From the records below, please print only the lines from the one containing "Android 11 автомобильный" through the one containing "리포지터리 Settings >", both included. Skip the pictures.

_Record set:_
*** Block opens ***

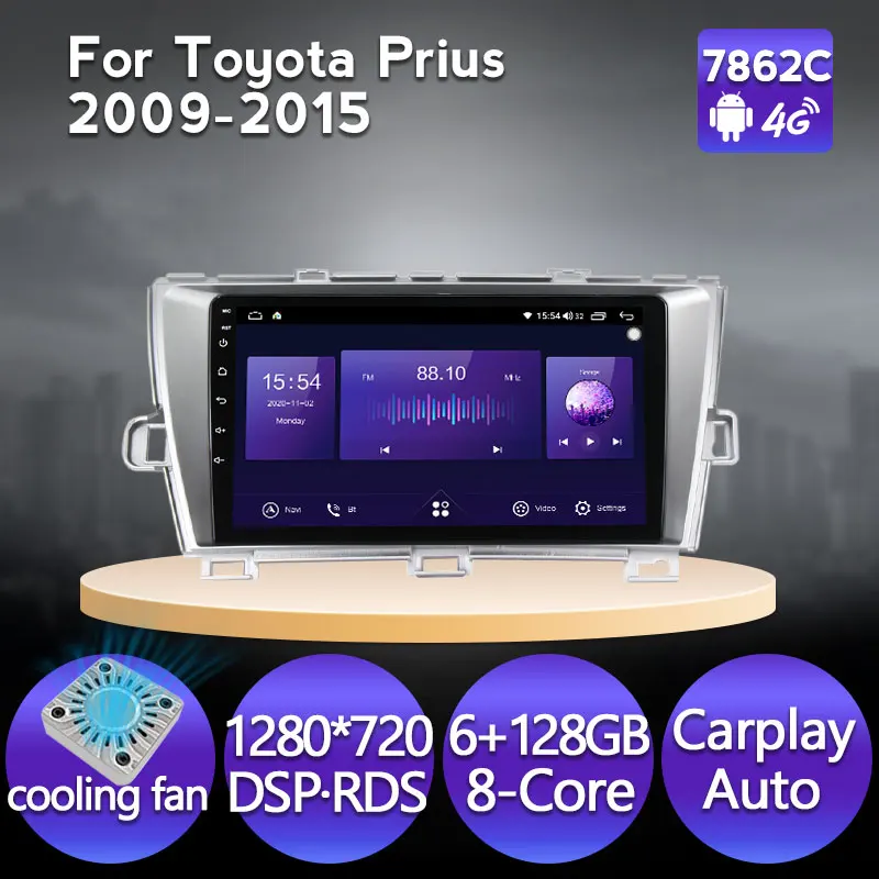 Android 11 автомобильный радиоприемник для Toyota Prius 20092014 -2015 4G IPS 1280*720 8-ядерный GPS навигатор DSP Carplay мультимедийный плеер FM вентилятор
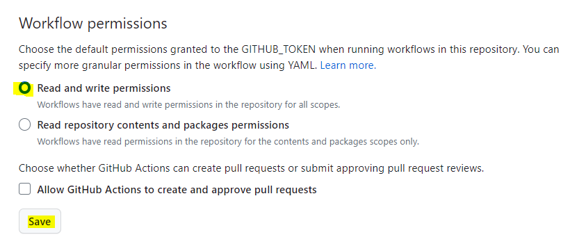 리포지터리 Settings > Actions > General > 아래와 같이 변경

*** Block closes ***
*** Block opens ***

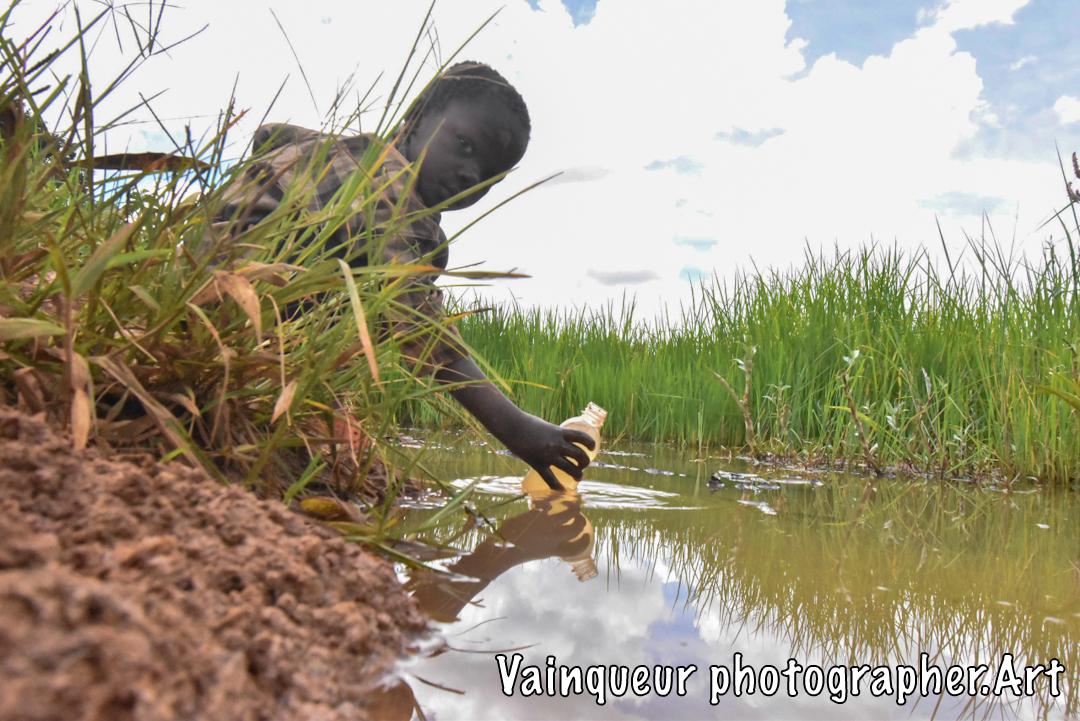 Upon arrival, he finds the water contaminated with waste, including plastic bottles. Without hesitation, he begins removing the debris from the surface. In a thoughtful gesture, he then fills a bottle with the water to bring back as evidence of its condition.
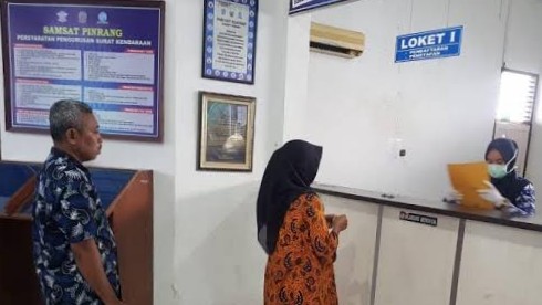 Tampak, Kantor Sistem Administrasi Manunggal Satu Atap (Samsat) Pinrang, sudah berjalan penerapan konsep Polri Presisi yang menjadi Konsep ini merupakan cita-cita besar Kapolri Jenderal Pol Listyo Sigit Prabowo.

*** Block closes ***

_Exercise output:_
 Android 11 автомобильный радиоприемник для Toyota Prius 20092014 -2015 4G IPS 1280*720 8-ядерный GPS навигатор DSP Carplay мультимедийный плеер FM вентилятор
 리포지터리 Settings > Actions > General > 아래와 같이 변경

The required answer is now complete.